___ Dataset extract

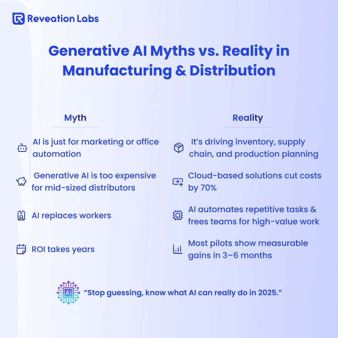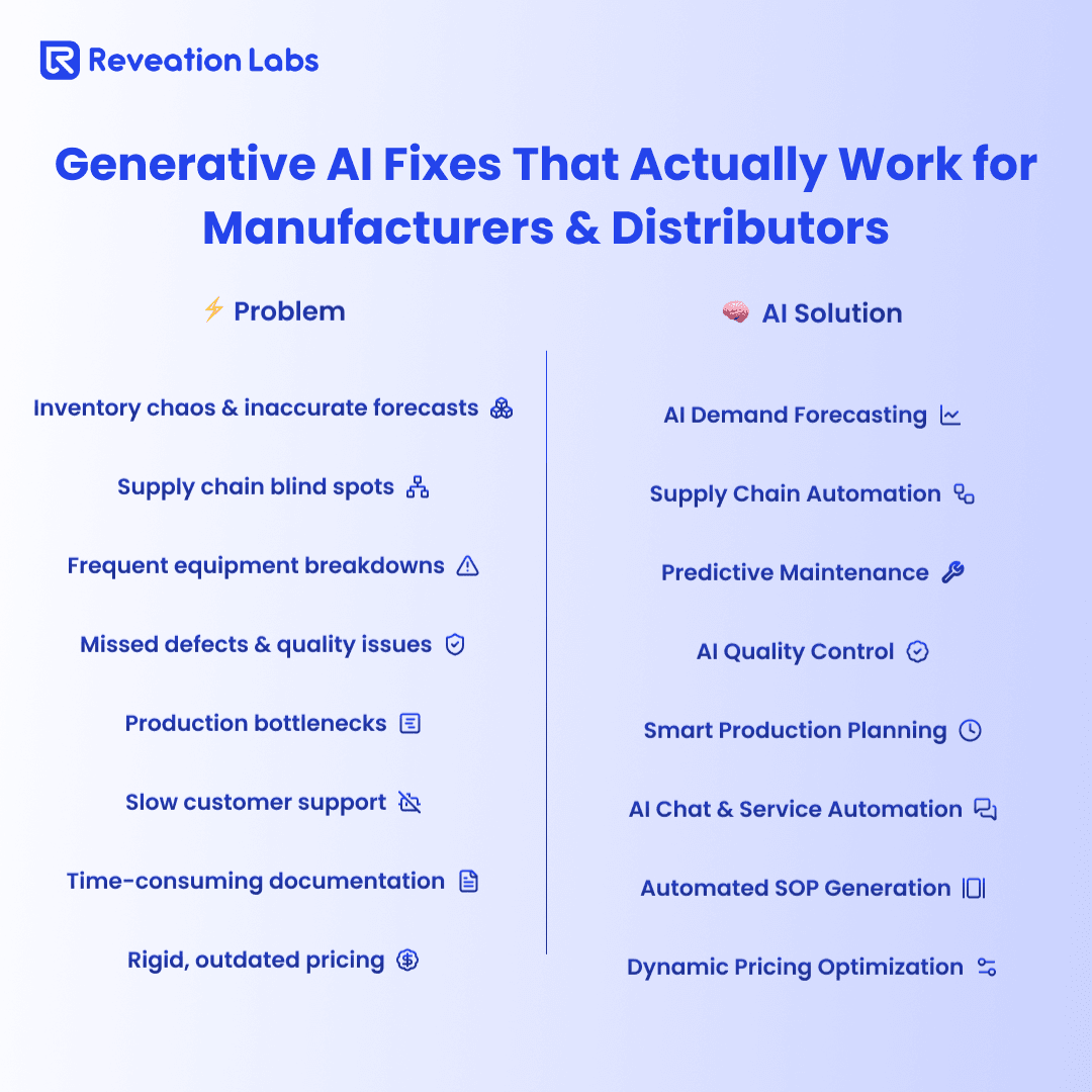 For companies ready to move beyond the research phase, we at Reveation Labs provide practical generative AI solutions designed specifically for manufacturing and distribution challenges.
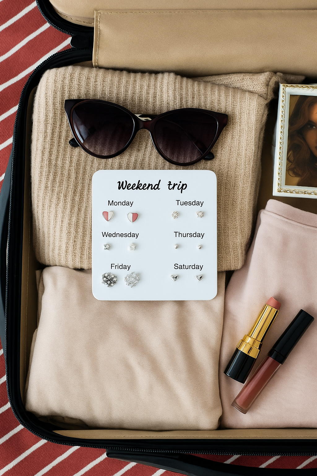 Add a playful sparkle to your week with this 7-pair stud earrings set designed for every day of the week! Featuring adorable motifs like pink hearts, silver stars, dazzling crystals, snowflakes, and classic studs, this daily earring set is perfect for girls, teens, and anyone who loves rotating their jewelry style.
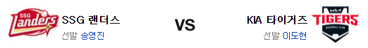 전날 경기에서 KIA는 역전패를 당한 반면 SSG는 기적의 역전승을 거두었다. 특히 젊은 타자들의 활약 여부가 두 팀의 승패를 갈랐다고 해도 과언이 아닐듯. 현 시점에서 이도현과 송영진 모두 선발로서 기대하기 힘들다는 공통점이 있는 편. 하지만 송영진은 그래도 선발로서 제 몫은 해낼수 있는 투수인 반면 이도현은 그게 어렵고 이는 불펜도 매한가지다. 전력에서 앞선 SSG가 승리를 가져갈 것이다.
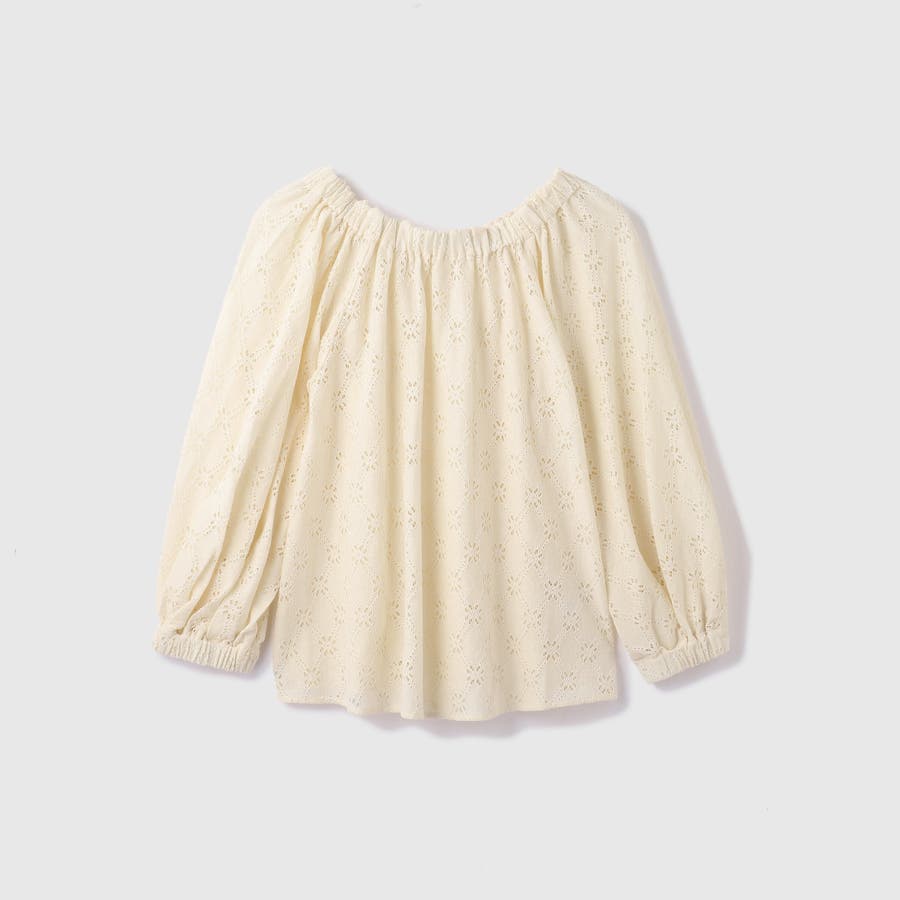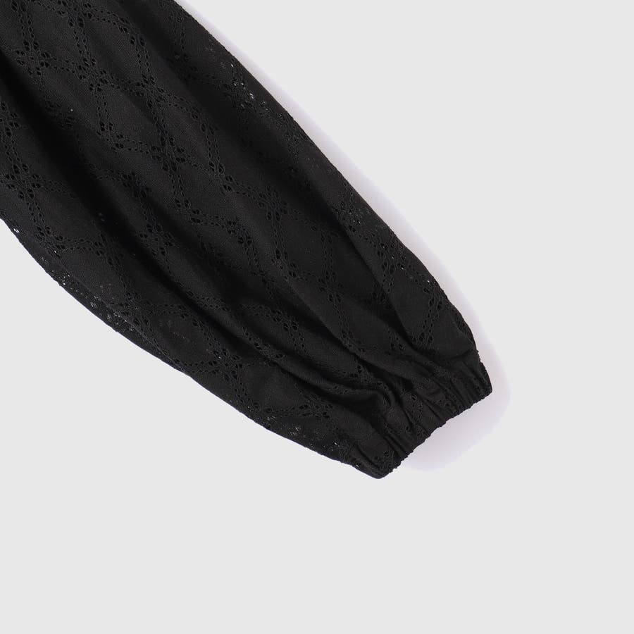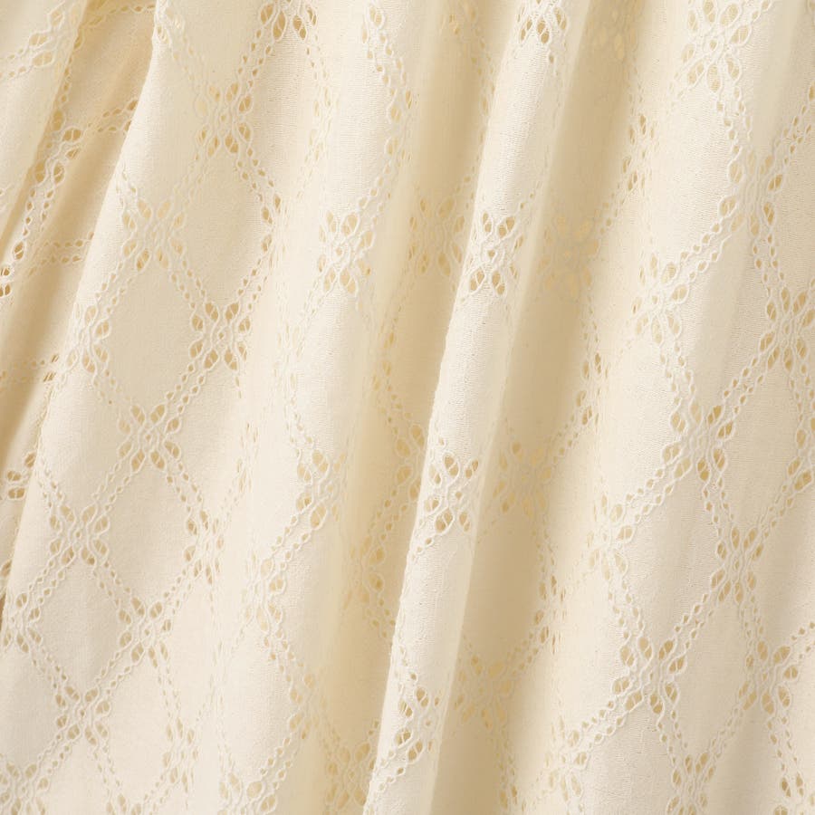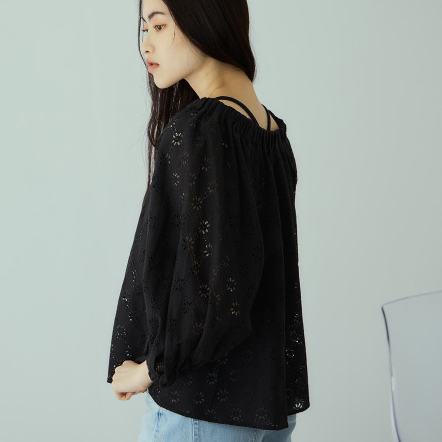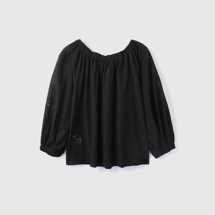 コットンナイロンのフラワーレースのテキスタイルを使用したゴムシャーリングデザインのプルブラウスです。
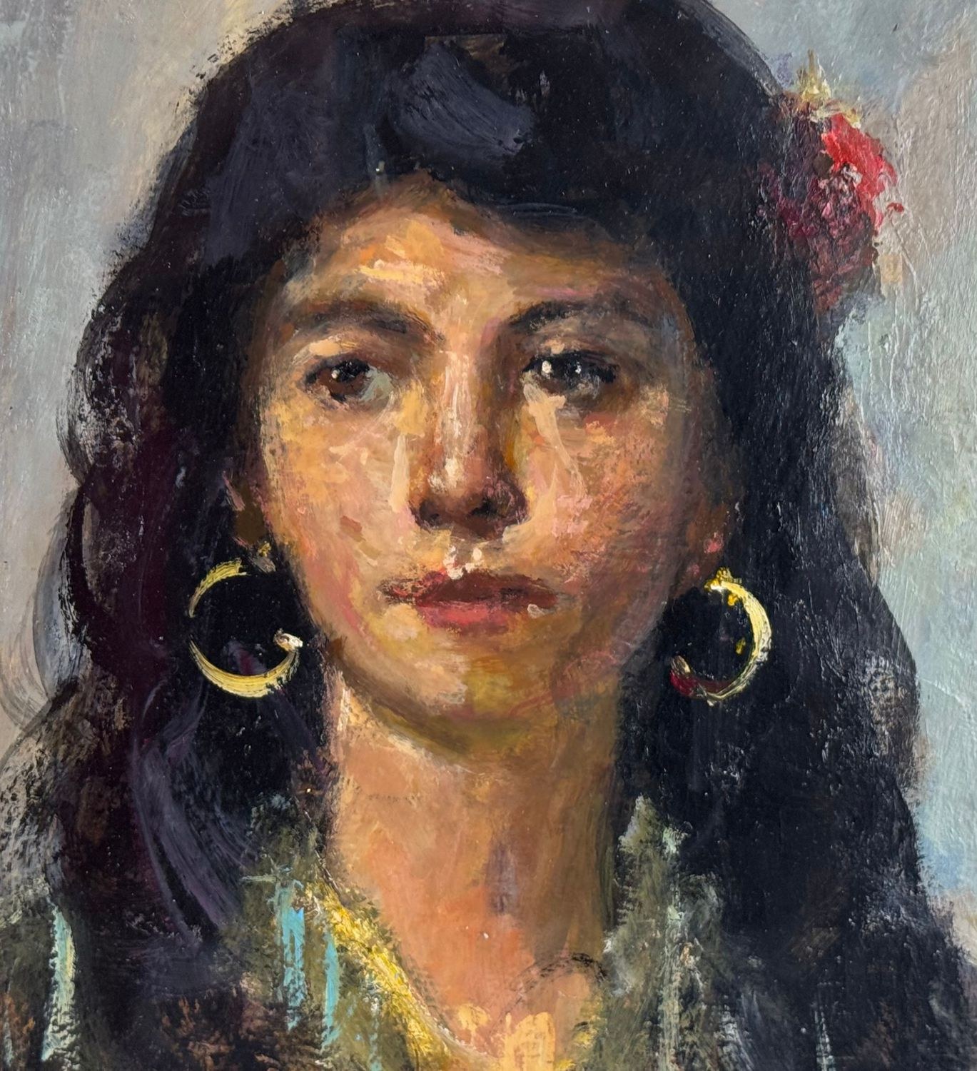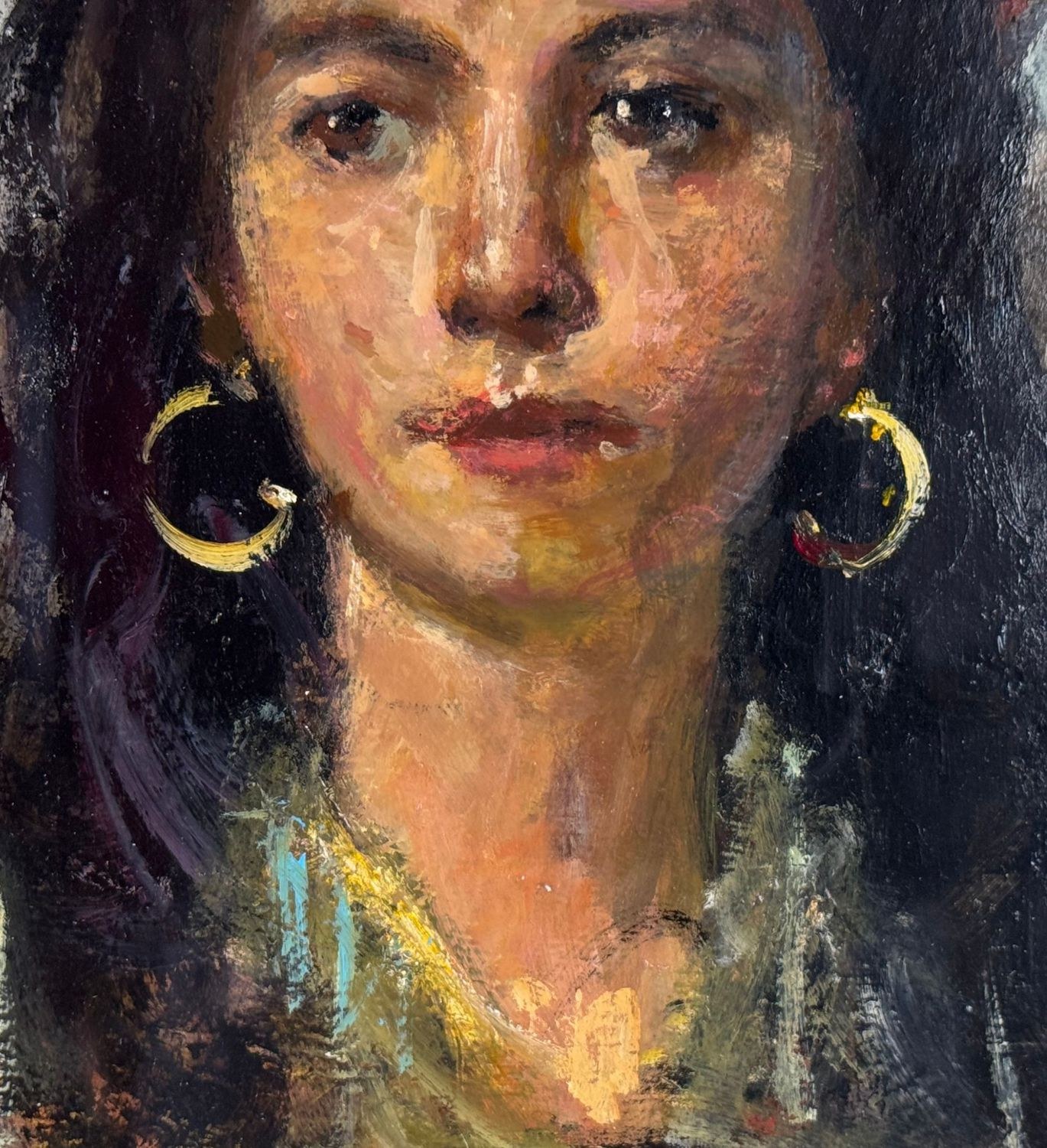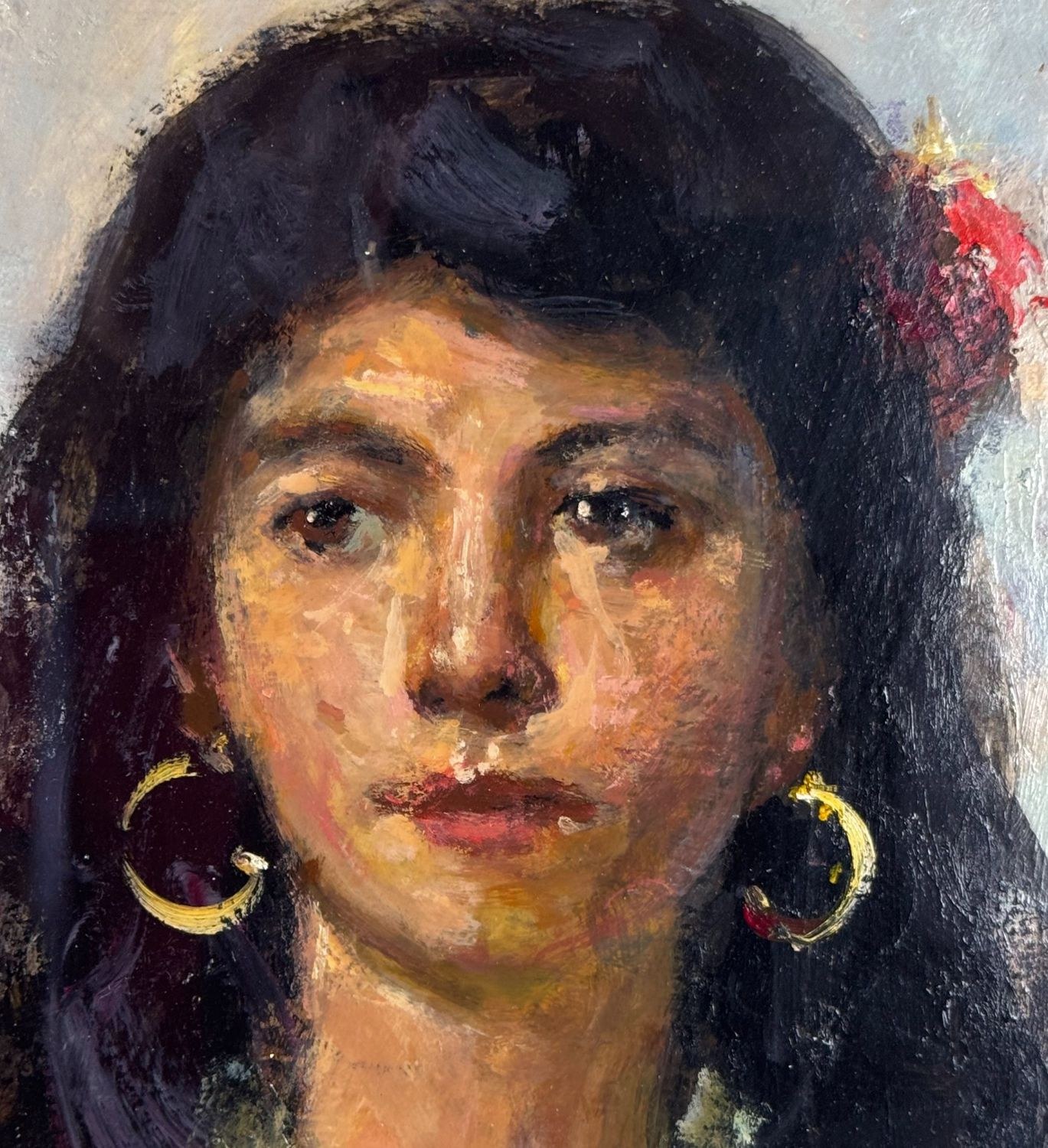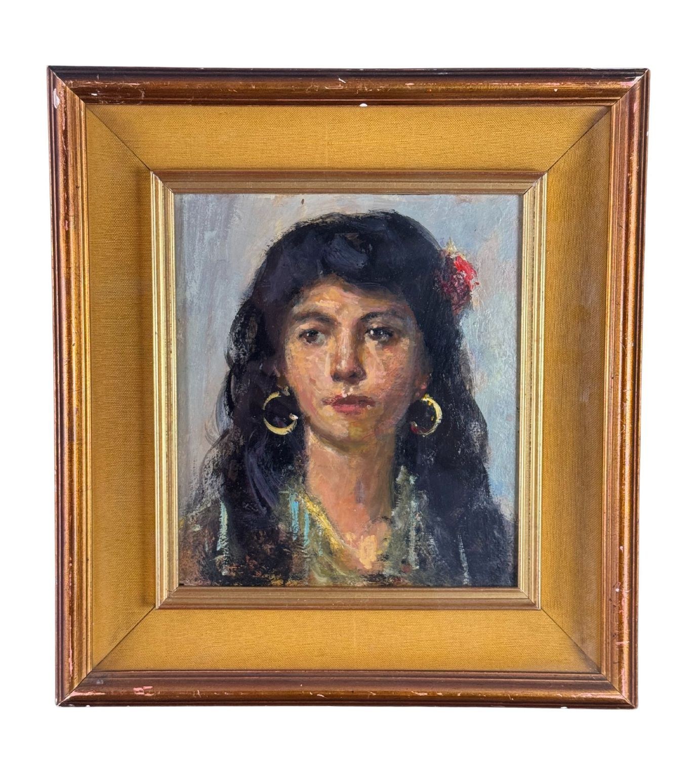 Oil on panel painting, 20th century, Italian school, depicting a Woman’s Face. Inner frame dimensions: 22x25 cm. Dimensions including frame: 36x40 cm. Anonymous. The work is in good condition and of fine artistic quality.
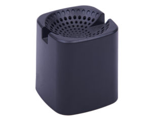 Bocina Bluetooth con manos libres, ranura para colocar el teléfono en la bocina. Botón de encendido y cable de carga.
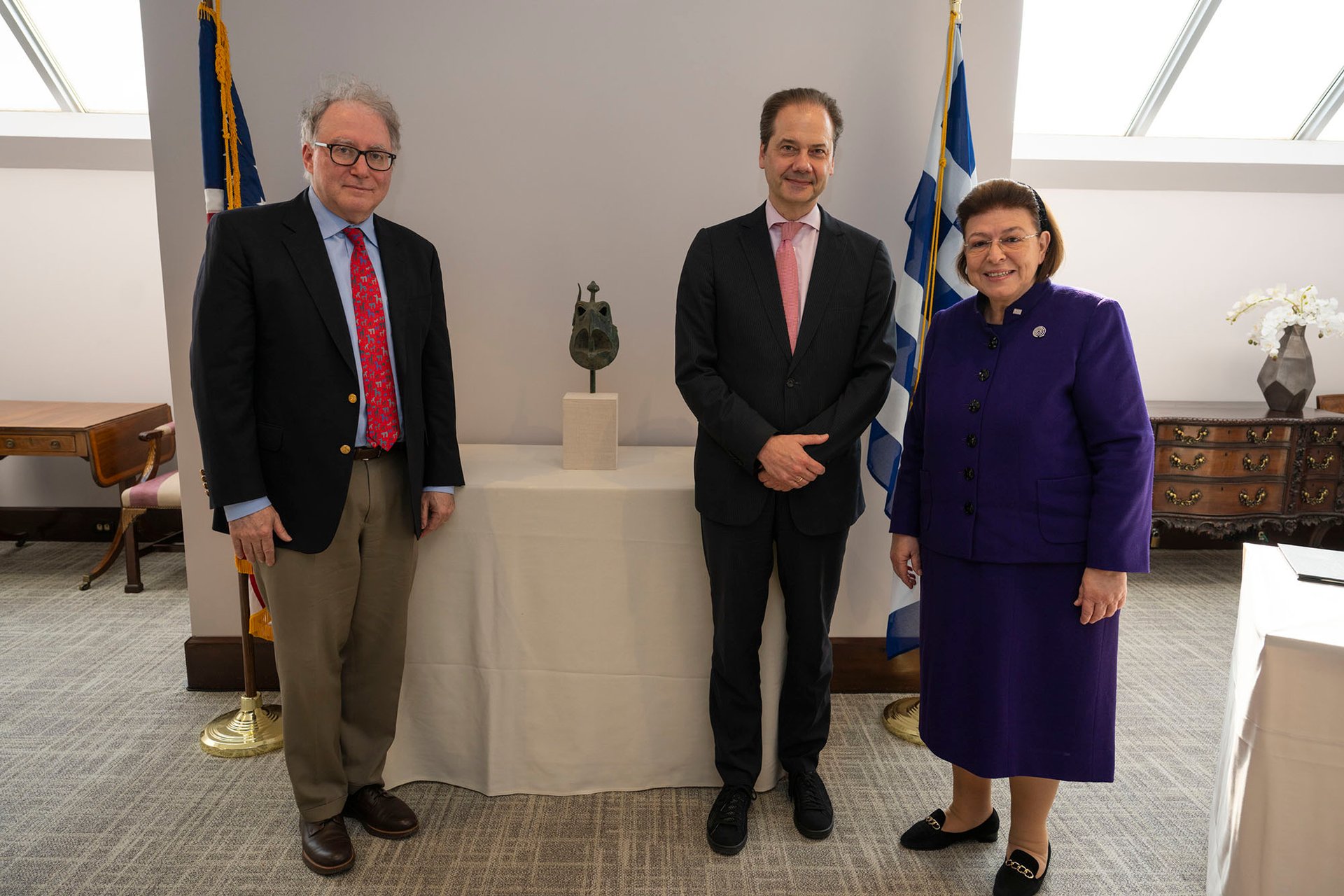 Officials from Greece, including culture minister Lina Mendoni, visited the Met on Monday for a repatriation ceremony for the griffin head. They were back at the museum on Tuesday for a panel about the museum’s collaboration with Greek authorities with regards to the collection of Leonard N. Stern. In 2022, Stern gifted his collection of ancient Cycladic art to Greece, and under the terms of a 25-year agreement a rotating display of the antiquities will remain on view at the Met.

______

[Exercise requirements]:
Only the lines from the one containing "Bocina Bluetooth con" through the last line of the entries above should be copied, exactly as they are and without the pictures.

[Answer section]:
 Bocina Bluetooth con manos libres, ranura para colocar el teléfono en la bocina. Botón de encendido y cable de carga.
 Officials from Greece, including culture minister Lina Mendoni, visited the Met on Monday for a repatriation ceremony for the griffin head. They were back at the museum on Tuesday for a panel about the museum’s collaboration with Greek authorities with regards to the collection of Leonard N. Stern. In 2022, Stern gifted his collection of ancient Cycladic art to Greece, and under the terms of a 25-year agreement a rotating display of the antiquities will remain on view at the Met.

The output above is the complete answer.